Edit: despite the above, I don't completely disagree with your statement.
If they would need to search for the duplicated code and change it in more than one place, there's something shared to factor out. If the two pieces of code are actually only accidentally the same, changing them independently should be the right thing.
That is definitely good advice. I've seen some developers get overly obsessed with deduplicating code, and sometimes it really does just overcomplicate things. For example, it is easy to end up making things more brittle by moving a somewhat generic method with very specific pre-conditions and post-conditions into a generic utility library. It is even worse if those pre and post conditions were documented in the original location, but not necessarily copied over to the new shared module.
This whole potential problem is one of the reasons the particular example isn't that great.

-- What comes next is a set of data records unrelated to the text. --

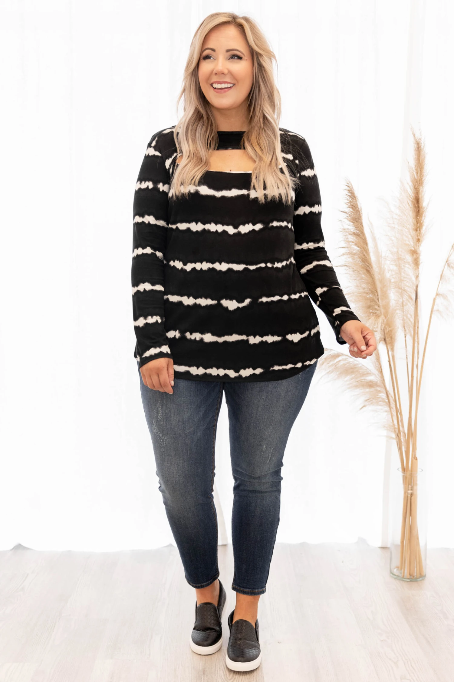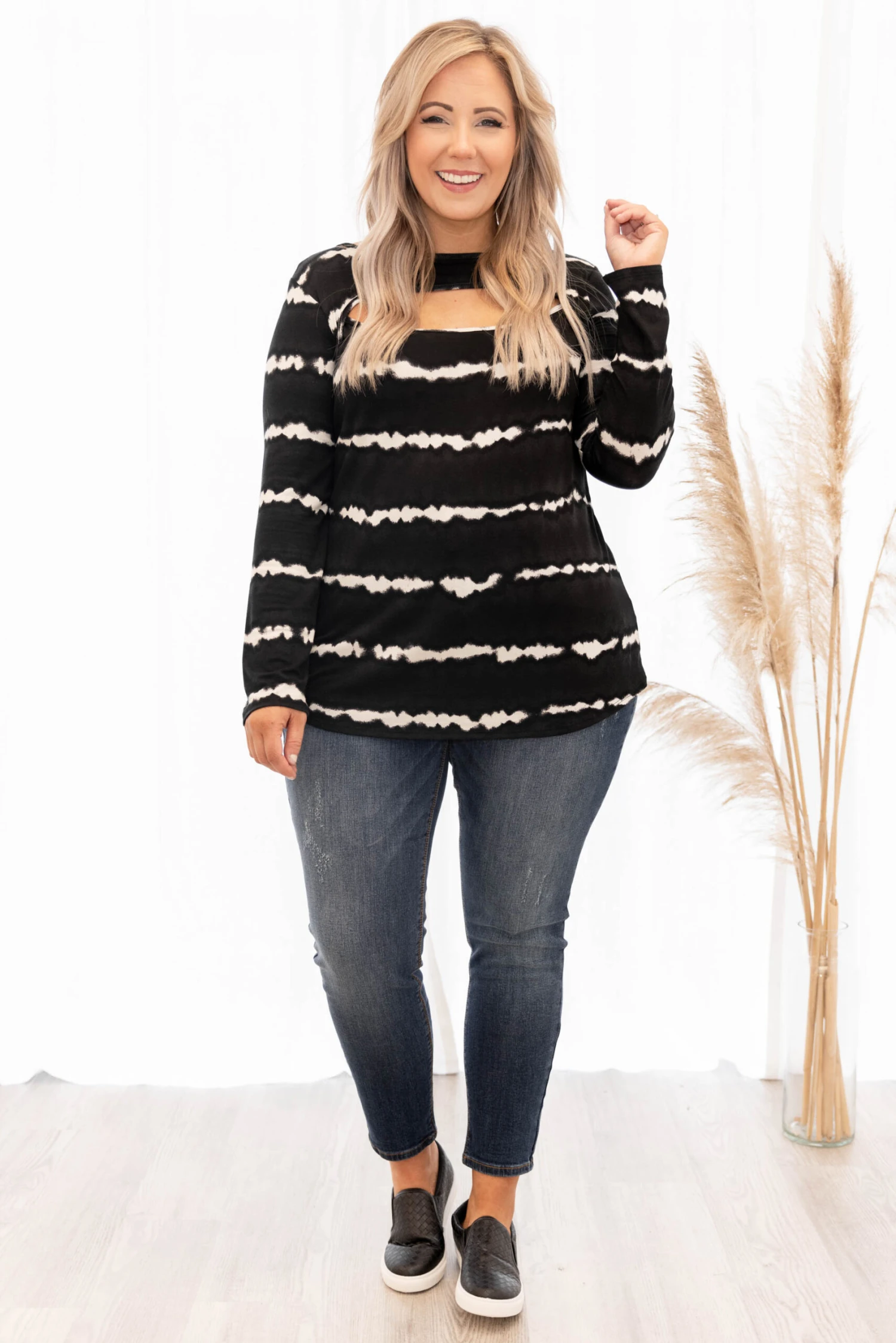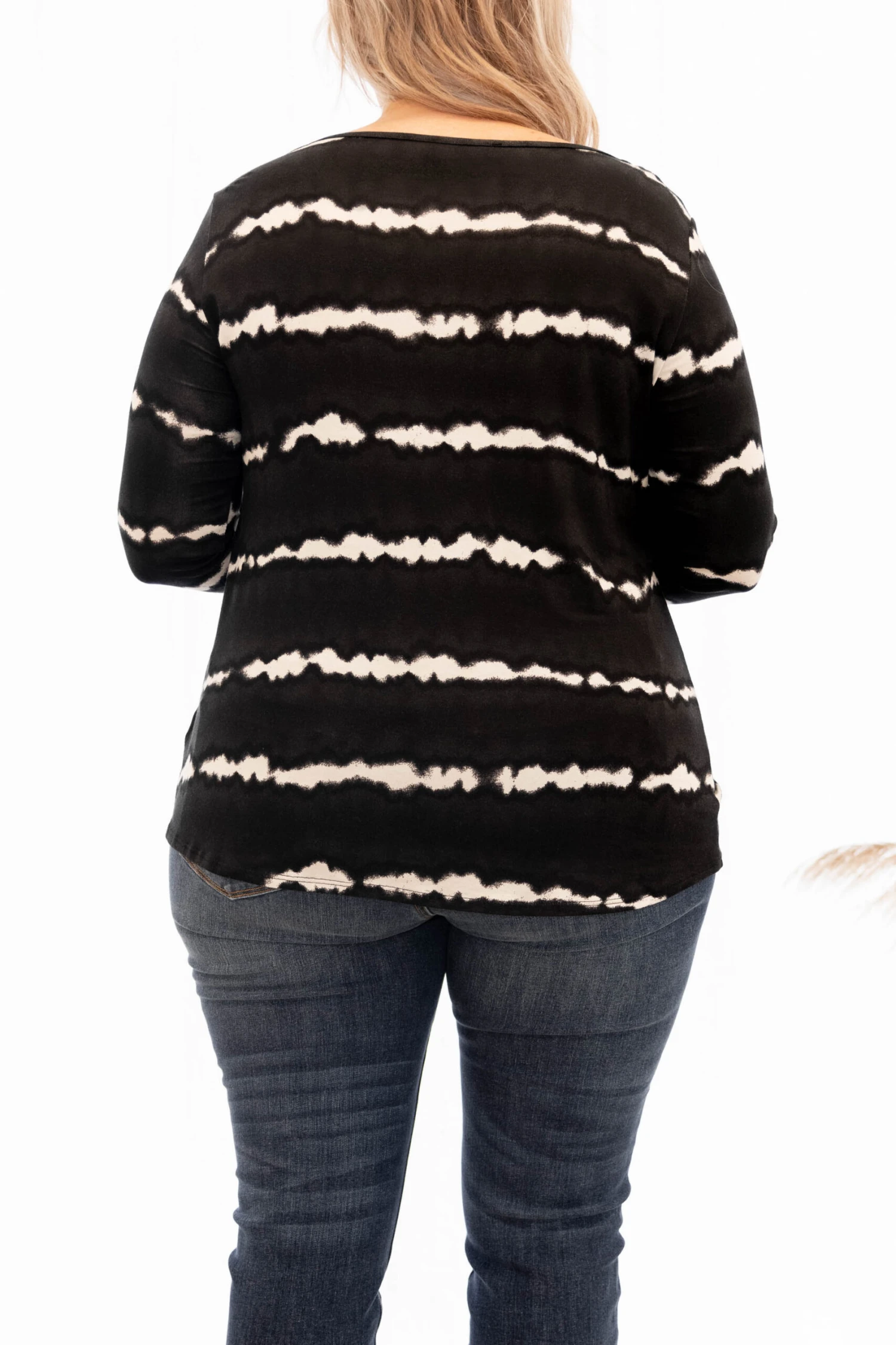This top is great for our nights out! We promise you will fall in love with this cute and comfortable striped tie-dye top! It has the comfiest fabric and a casual, relaxed fit. You’ll love tossing it on with skinnies on a nice Fall day!
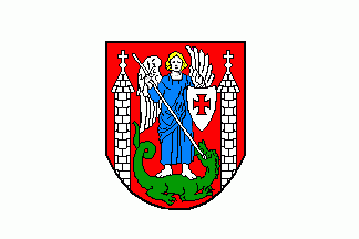 Shield Gules an angel statant Argent, haired Or, dressed Azure and winged Argent, holding a shield Argent charged with a cross patty Gules
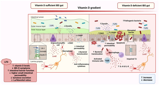 Proposed impact of vitamin D on intestinal barrier integrity in IBS pathophysiology. Figure 3 illustrates the differential effects of sufficient and deficient vitamin D levels on the intestinal barrier and gut–brain axis in IBS. On the left, vitamin D sufficiency is associated with reduced intestinal permeability, lower bacterial translocation, and increased tight junction (TJ) integrity, as evidenced by elevated levels of TJ proteins such as ZO-1, occludin, and claudin-4. Enterochromaffin cells regulate serotonin (5-HT) release, while macrophages produce anti-inflammatory cytokines, contributing to gut homeostasis. On the right, vitamin D deficiency leads to increased zonulin, I-FABP, and DAO levels, resulting in disrupted TJs (including reduced ZO-1 expression), bacterial translocation, and increased IL-6, IL-8, and LPS levels, exacerbating inflammation. Apoptosis and oxidative stress further impair the barrier. The LFD enhances vitamin D levels, decreases IBS-D symptoms, and improves intestinal barrier function by lowering permeability markers (lactulose excretion and La/Mannitol ratio), zonulin, I-FABP, and DAO, further reducing inflammation (IL-6, IL-8) and LPS levels. Together, these findings highlight the potential of vitamin D modulation and dietary interventions in managing IBS-D and gut–brain axis dysfunction. Created with BioRender.com (accessed on 4 March 2025). Abbreviations: IBS, irritable bowel syndrome; LPS, lipopolysaccharides; I-FABP, intestinal-type fatty acid-binding protein; DAO, diamine oxidase; 5-HT, serotonin; ZO-1, zonula occludens-1; IL-6, interleukin-6; TJ, tight junction; LFD, low-fermentable oligosaccharides, disaccharides, monosaccharides, and polyol (FODMAP) diet.
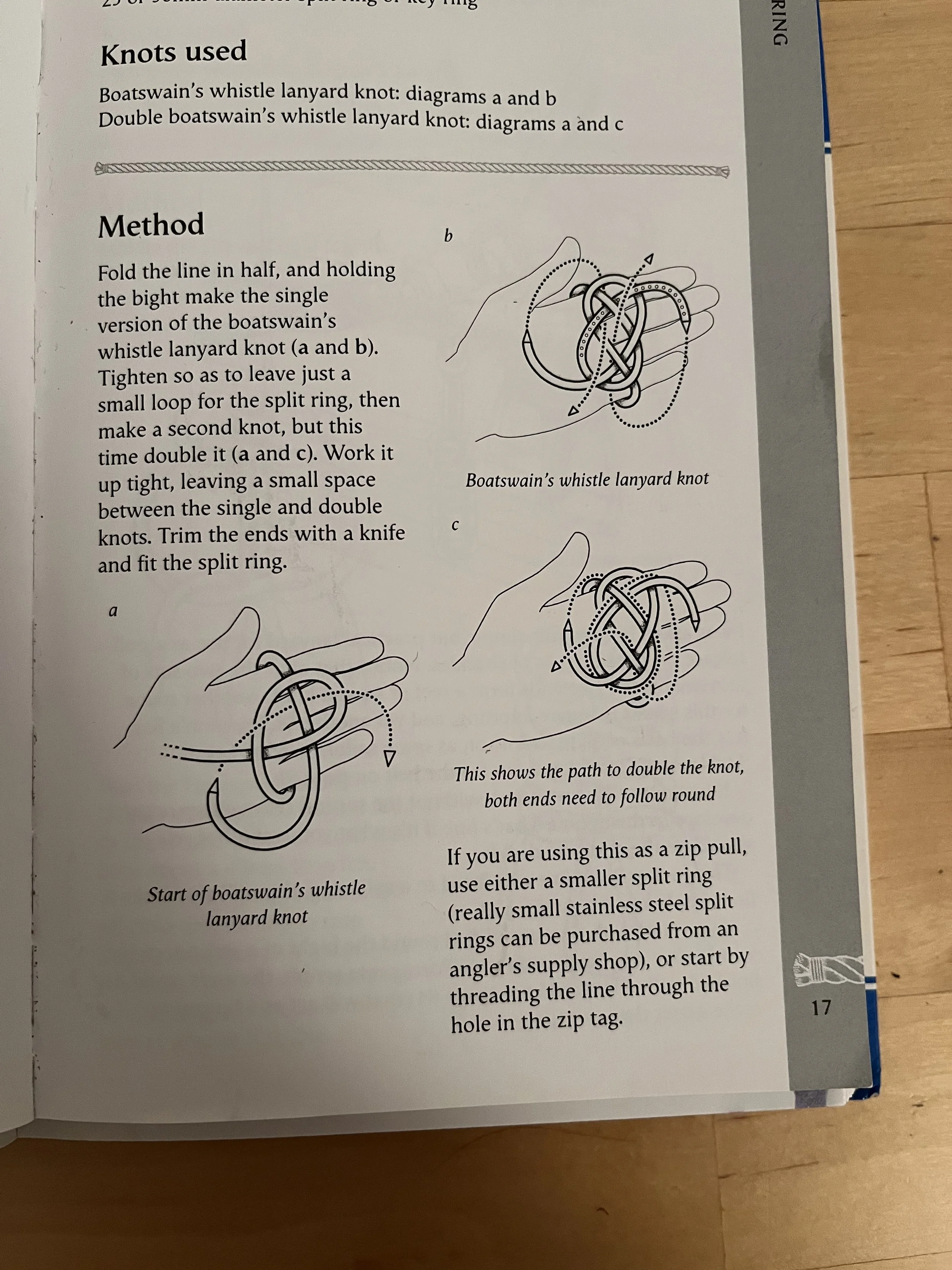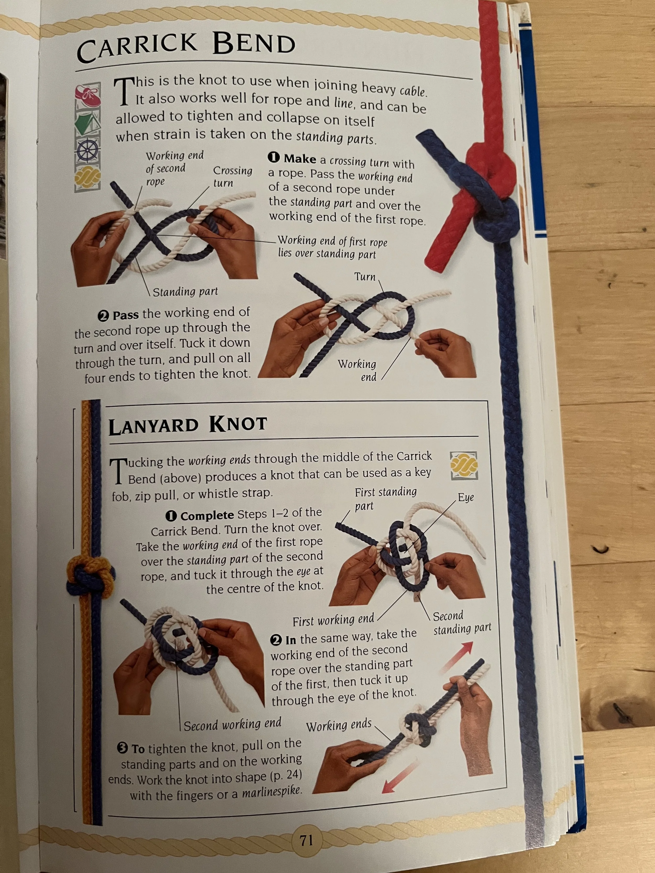 In the last 15 minutes of our meeting I proposed to try and teach you a knot to tie as an introduction to the wonderful art of knot tying, which is the basis of the Boatswain’s Whistle Lanyard Knot and is also known as the Carrick Bend. As promised at the end before we said our goodbyes, please find below photos I’ve taken from two different knotting books, both written by master ropemaker Des Pawson. May these helps you learning this knot.
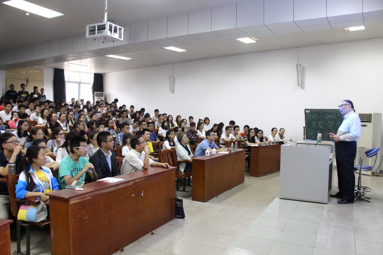 报告会上,李院士向同学们介绍了全球海温的一些主要模态,如太平洋海温、印度洋海温、大西洋海温主要模态,以及太平洋-印度洋海温联合模态,并从不同模态对全球气候影响做了讨论。报告结束后,陈院士与老师和学生进行了互动交流,现场气氛活跃。

It's overhyped in Java-land where some people treat naked strings like lepers but in places like Clojure-land you'd get a lot of people saying "Just use a keyword" for both places. The keyword's name is its value. It's immutable. An IDE should be able to find all uses of it, or there's always 'ag'. If you really want that coupling behavior, change the interface of the thing you're calling to require conformance to a schema. The simplest way in Java is probably just by taking an enum instead of a string, but there are richer ways (especially outside of Java) worth looking into if you're needing a string value eventually in the implementation since you'll run into the other Java-ism of making a complicated enum class instead of just using enums like keywords with their string value being their actual name value.
It seems like "inexperienced" should fall under the umbrella of "bigger problems". It also (hopefully) falls under the umbrella of "temporary problems".
It's worse than that. We have met the Enemy and the Enemy is us.
Java, as introduced, claimed that nearly everything was an Object. What we got instead was nearly everything is a String.
The Real WTF in this code is that all of the important information is passed around as Strings. The iterator and its source hint at this but she fixes the wrong problem. Ever has this been the way with Java. Despite having a statically typed language nobody turns the data into information and instead your modules just vomit strings at each other. Sometimes in groups of four or more.
One reason for this is the tight coupling in developers' minds between what I'd call "types" and "representations" (these terms are very overloaded, so others may use them in different ways).
Just because, say, a function name and a string are represented in memory the same way, that doesn't mean they are the same type; in particular there are many strings which aren't function names, and there are many operations (e.g. append) which make sense for strings but not for function names.
I can think of two things to blame for this:
- Languages which make it complicated, verbose and/or inefficient to introduce new, incompatible names for existing representations (i.e. nominal typing). For example, having to declare a new class in a new file with a private field, a constructor method and a getter method; that's a lot of boilerplate, and those method calls will incur a runtime cost. Haskell's `newtype` is pretty good in comparison, e.g. saying `newtype FunctionName = FN String` lets me use `FunctionName` in type signatures, I'll get a type error if I try to use a `String` as a `FunctionName` or vice versa, and I can construct and destruct a `FunctionName` using `FN` (e.g. `let x = FN "foo"`)
- Developers only coding for the happy path. When writing a test suite, it's important to test that bad outcomes are prevented, as well as just testing known-safe inputs. The same should apply to types: types should be used such that meaningless expressions are ill-typed, as well as just allowing known-good expressions to be well-typed.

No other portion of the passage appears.